Разделитель для чтения книг в онлайн библиотеке

Онлайн книга «Дед»

Cтраница 90

Иван Кузьмич хочет повернуть время вспять, изменить ось вращения земли. Иван Кузьмич хочет воскресить своего сына. И пока этого не произошло, он пьет и не может напиться чужими болью и страхом.

Дома Кузьмича ждала жена – маленькая набожная женщина. Вряд ли она догадывалась, чем занимается ее муж сверх своей основной работы. Перед тем как идти домой, Кузьмич тщательно мылся. Душ оборудовали в подвале администрации. Там, в полутьме, лампочка всегда мигала из-за перепадов напряжения – он смывал кровь со своих кулаков. Кровь текла в сливное отверстие, смешивалась с мыльной пеной, человеческая, горячая, ставшая просто поблекшей красной краской. В кабинете у Кузьмича всегда была свежая одежда. Он выходил с работы в чистой белой рубашке, закатанной в рукавах до локтей. Он благоухал огуречным лосьоном – огуречный он полюбил еще со времен службы в армии. Ни одна живая душа не смогла бы догадаться, где он был. В такие дни он шел и покупал цветы жене. За вечер он произносил одно-два слова, сидел тихо: смотрел телевизор, если его смотрела жена, или шел с ней прогуливаться, держа ее под руку, присмиревший дикий зверь.

Кузьмич своими руками отстроил храм в родном селе Зязино – своими и бригады верных ему бойцов. И с тех пор, если позволяли дороги, каждое воскресенье он стоял с женой в храме, внимал службе. Крестился, когда все крестились, и кланялся. Жена ставила лампадки за упокой, он обнимал ее сзади за плечи. Он делал это не потому, что был верующим, и не потому, что хотел замолить грехи. Сказать по правде, калеча этих людей в лесу, он не чувствовал, что совершает грех. Напротив, он полагал, что вершит благое дело. Кузьмич построил храм для жены. Он видел, что в храме ей хорошо.

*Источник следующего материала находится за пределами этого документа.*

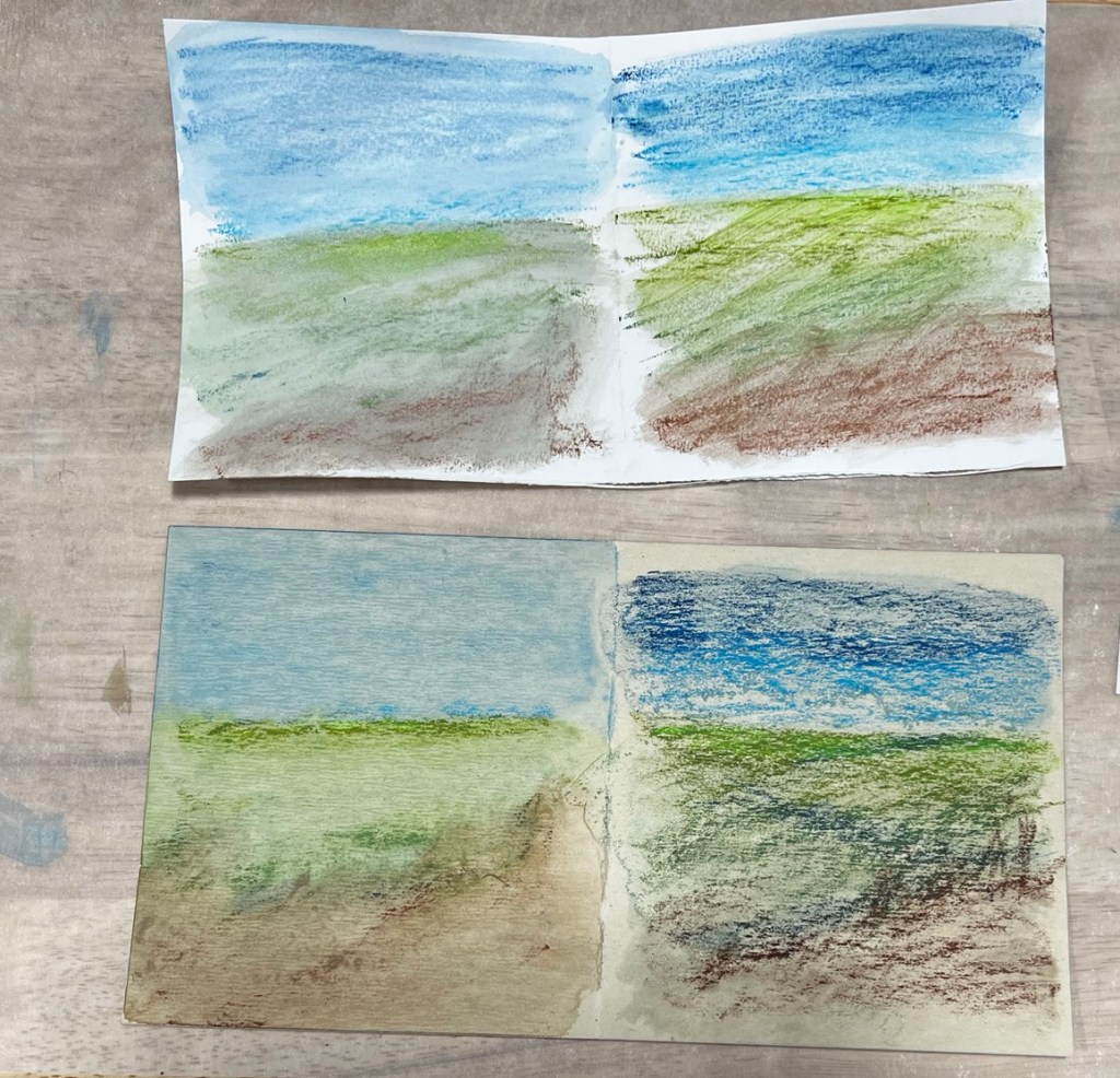 • Water was more effective in dissolving the pastels, creating a smoother and more fluid wash.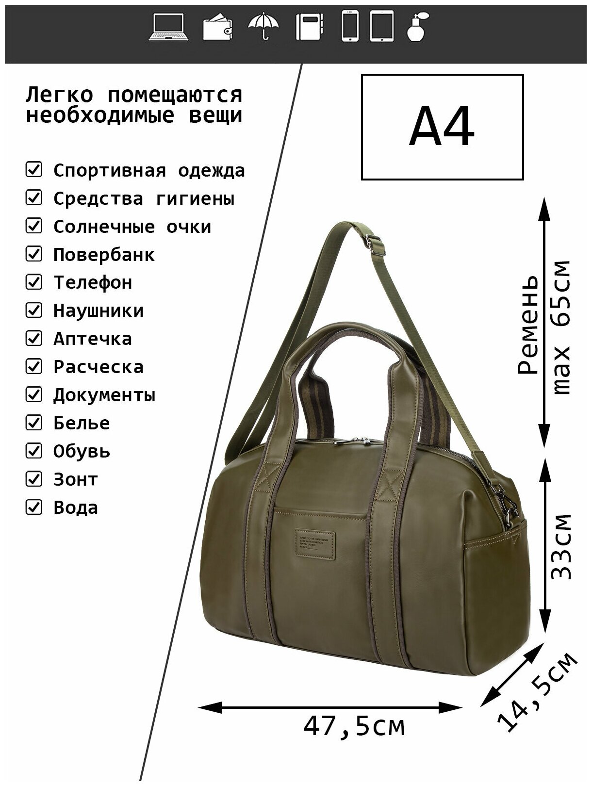 | Особенности модели | вмещает А4 / внешний карман / внутренний карман / плечевой ремень |

Батюшка-настоятель был его знакомым. В далеком прошлом Кузьмич помог ему, уроженцу того же села, решить темное дело. Тогда батюшка еще не был батюшкой. Его знали в Зязино под именем Макарыч. Одинокий бобыль Макарыч крепко пил. В один из дней по пьяной лавочке Макарыч сцепился с приезжими новгородцами: новгородцы достали ножи, Макарыч схватился за топор. Это было чудо, что он никого не убил. Топор попал по голове обидчика обухом, проломил череп – потом эту голову залатали врачи. Человек, которого ударил Макарыч, до конца жизни остался доволен жизнью. Он ходил по улицам и улыбался, и все, кто встречался ему, улыбались тоже. Они говорили: «Вот идет человек, который всему рад».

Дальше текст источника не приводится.